The certificate rotation process requires that the Hyper-V hosts can remotely manage the Network Controller VMs. Verify that the Azure Local Deployment User has local administrator permissions on each NC VM. To determine your deployment user, leverage `Get-AzsSupportLcmDeploymentUserName` included with the [Support Diagnostics Tool](https://learn.microsoft.com/en-us/azure/azure-local/manage/support-tools).

```powershell
# run this against all the NC VMs
Invoke-Command -ComputerName 'NC1','NC2','NC3' -ScriptBlock {
$adminGroup = Get-LocalGroupMember -Group "Administrators" -ErrorAction SilentlyContinue
$adminGroup | Format-Table Name, ObjectClass, PrincipalSource
}
```

If the deployment user is not listed as local administrators, add them:

```powershell
# Replace <DOMAIN\DEPLOY_USER> with your deployment user account identified
Invoke-Command -ComputerName 'NC1','NC2','NC3' -ScriptBlock {
Add-LocalGroupMember -Group "Administrators" -Member "<DOMAIN\DEPLOY_USER>"
}
```

### Install AzureStackCertificationAuthority certificate to NC manually
This is a short term mitigation that you should perform as part of your post solution update steps until a code fix is released. This only needs to be executed from one of the Hyper-V hosts.This requires [SdnDiagnostics](https://learn.microsoft.com/en-us/azure/azure-local/manage/sdn-log-collection#install-the-sdn-diagnostics-powershell-module-on-the-client-computer) to be installed on the Network Controller VMs as well as the Hyper-V hosts. By default for Azure Local, SdnDiagnostics is included for the Hyper-V hosts.

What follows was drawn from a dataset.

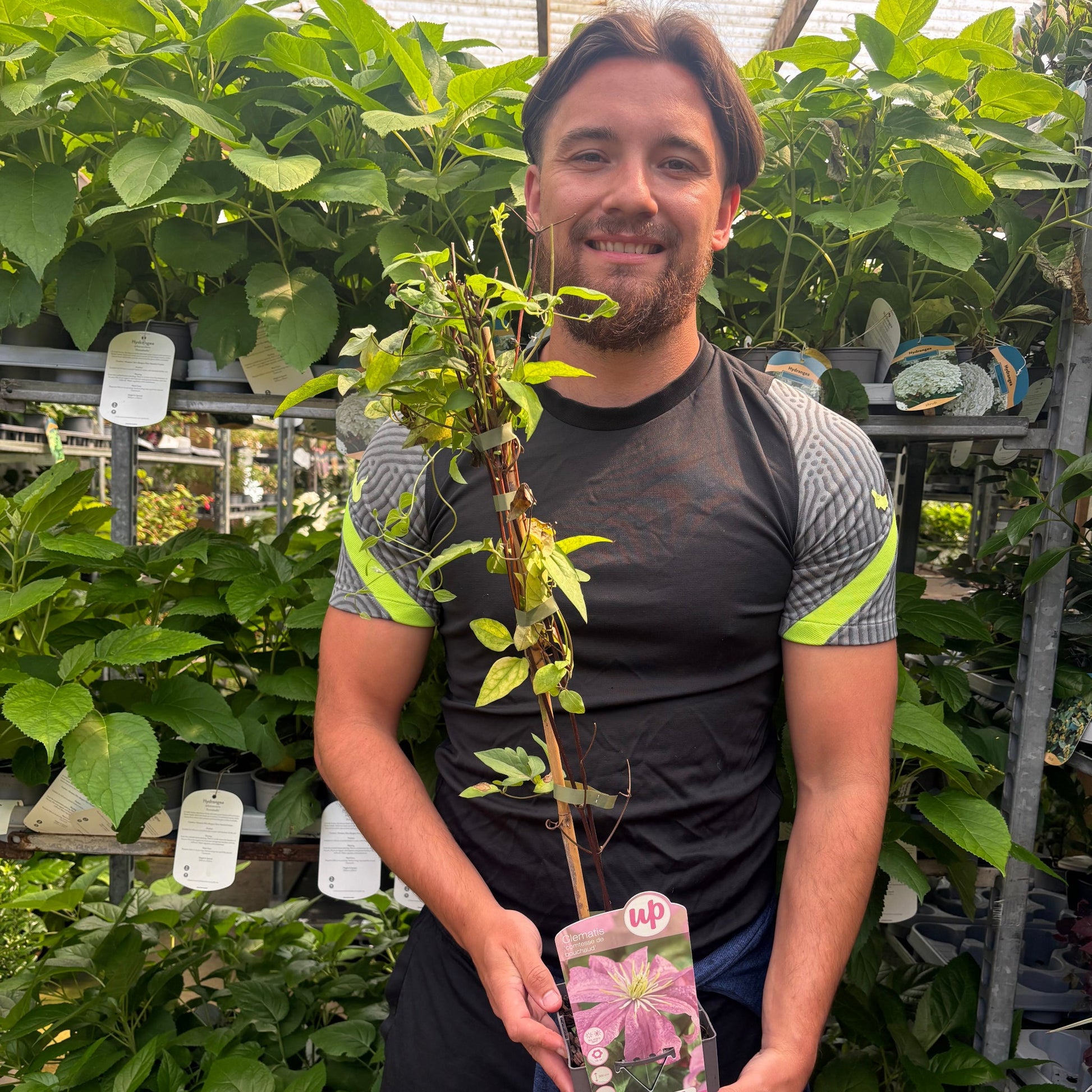 Clematis 'Comtesse de Bouchaud' is a beloved climber, renowned for its profusion of soft pink to mauve blooms with slightly ruffled petals. Flowering from June to September, it creates a stunning display over trellises, fences or pergolas. This hardy and low-maintenance variety is ideal for adding vertical interest and romantic colour to any garden.

Connect to a Hyper-V host and copy the .cer file to each NC node.
```powershell
$currentVersion = (Get-SolutionUpdateEnvironment -ErrorAction Stop).CurrentVersion
if ($($currentVersion.Minor) -ge 2604) {
$rootDir = 'C:\ProgramData\AzureEdge\CertificateStore\LocalMachine\Root'
}
else {
$rootDir = 'C:\ClusterStorage\Infrastructure_1\Shares\SU1_Infrastructure_1\AzureStackCertificateAuthority'
}
Copy-SdnFileToComputer -Path (Join-Path -Path $rootDir -ChildPath "AzureStackCertificationAuthority.cer") -Destination (Get-SdnWorkingDirectory) -ComputerName 'NC1','NC2','NC3'
```

Install the certificate into trusted root store.
```powershell
Invoke-SdnCommand -ComputerName 'NC1','NC2','NC3' -ScriptBlock {
$cert = Get-ChildItem -Path "$(Get-SdnWorkingDirectory)\AzureStackCertificationAuthority.cer"
Import-SdnCertificate -FilePath $cert.FullName -CertStore 'Cert:\LocalMachine\Root'
}
```

Alternatively, if you have SdnDiagnostics with version 4.2604 or later, you can leverage [Start-SdnServerCertificateRotation](https://learn.microsoft.com/en-us/azure/azure-local/manage/update-sdn-infrastructure-certificates) from the Hyper-V host which will automatically detect the AzureStackCertificationAuthority certificate and copy to Network Controller VMs.